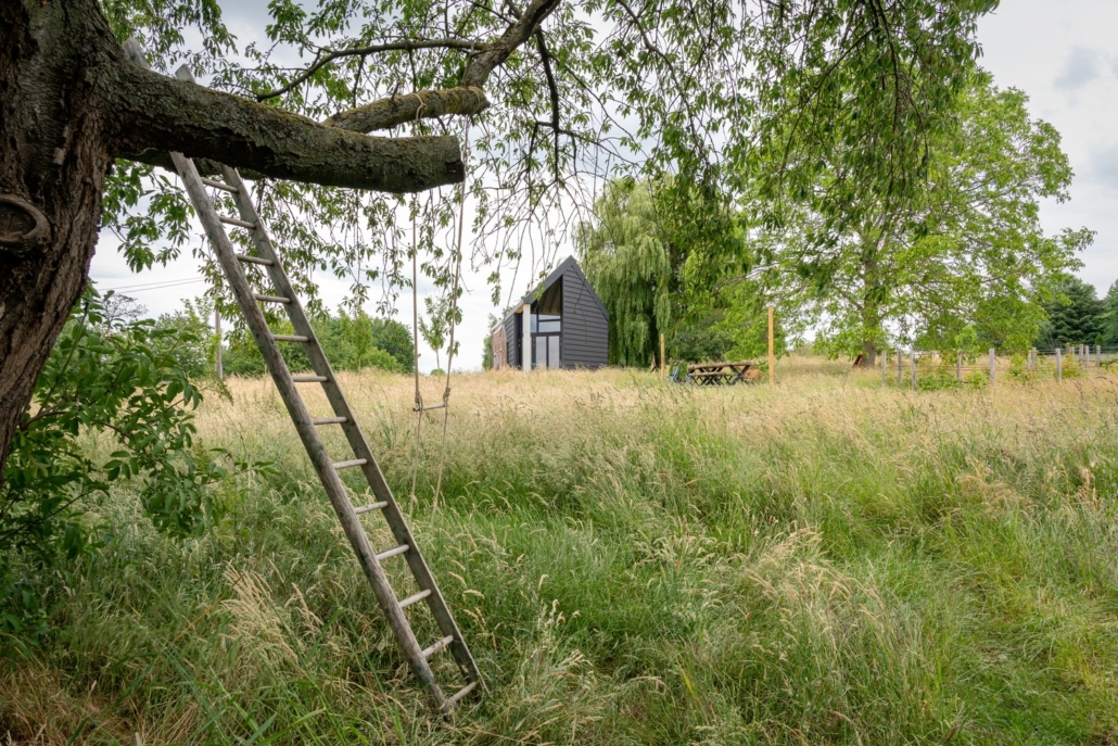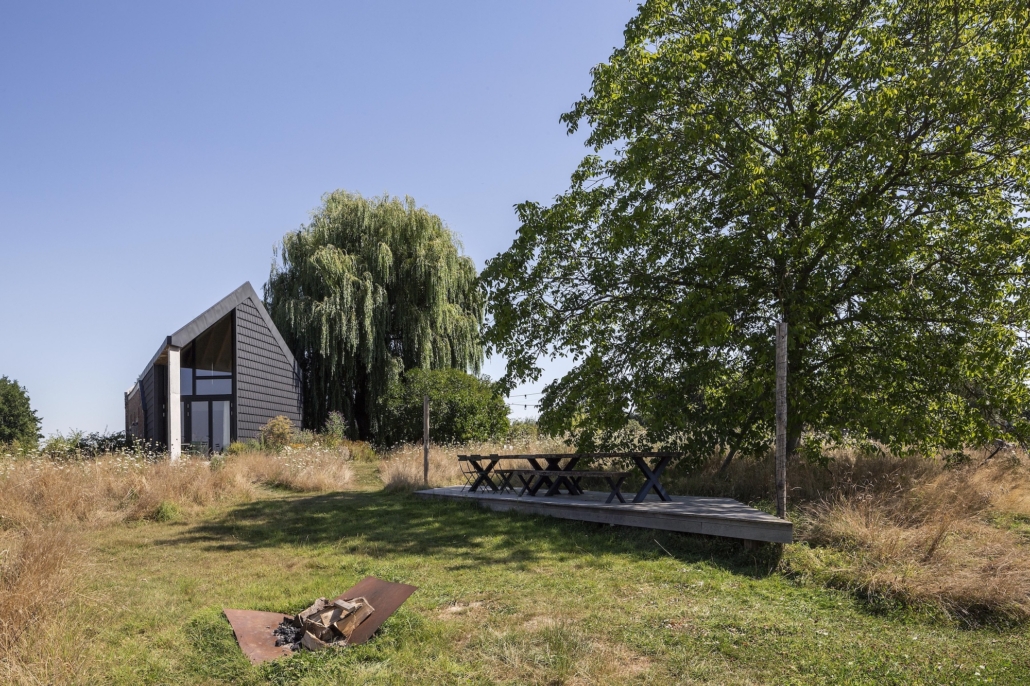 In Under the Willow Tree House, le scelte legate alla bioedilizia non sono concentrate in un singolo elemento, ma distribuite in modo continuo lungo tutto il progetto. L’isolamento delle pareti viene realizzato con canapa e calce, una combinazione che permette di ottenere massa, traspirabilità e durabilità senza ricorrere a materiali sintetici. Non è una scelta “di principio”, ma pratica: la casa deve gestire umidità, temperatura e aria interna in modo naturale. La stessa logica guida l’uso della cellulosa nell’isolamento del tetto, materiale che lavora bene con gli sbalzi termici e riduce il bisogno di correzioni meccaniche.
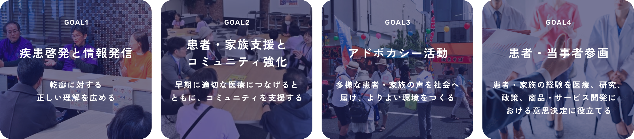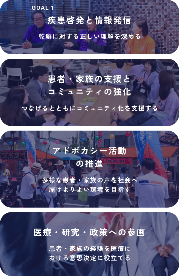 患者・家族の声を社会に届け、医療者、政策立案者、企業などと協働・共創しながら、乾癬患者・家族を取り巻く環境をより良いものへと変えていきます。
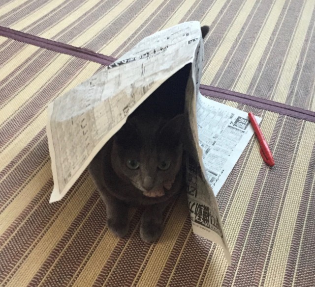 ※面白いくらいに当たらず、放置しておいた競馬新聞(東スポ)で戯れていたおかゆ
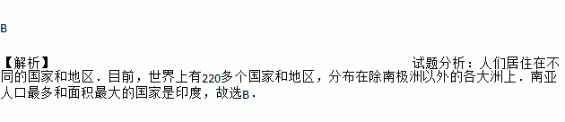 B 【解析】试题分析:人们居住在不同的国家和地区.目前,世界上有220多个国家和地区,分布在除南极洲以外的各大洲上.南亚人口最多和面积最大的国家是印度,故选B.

---

Exercise prompt: Retype only the lines from the line with "患者・家族の声を社会に届け、" through the last line of the data. Keep both ends and skip the pictures.

Response to the exercise:
 患者・家族の声を社会に届け、医療者、政策立案者、企業などと協働・共創しながら、乾癬患者・家族を取り巻く環境をより良いものへと変えていきます。
 ※面白いくらいに当たらず、放置しておいた競馬新聞(東スポ)で戯れていたおかゆ
 B 【解析】试题分析:人们居住在不同的国家和地区.目前,世界上有220多个国家和地区,分布在除南极洲以外的各大洲上.南亚人口最多和面积最大的国家是印度,故选B.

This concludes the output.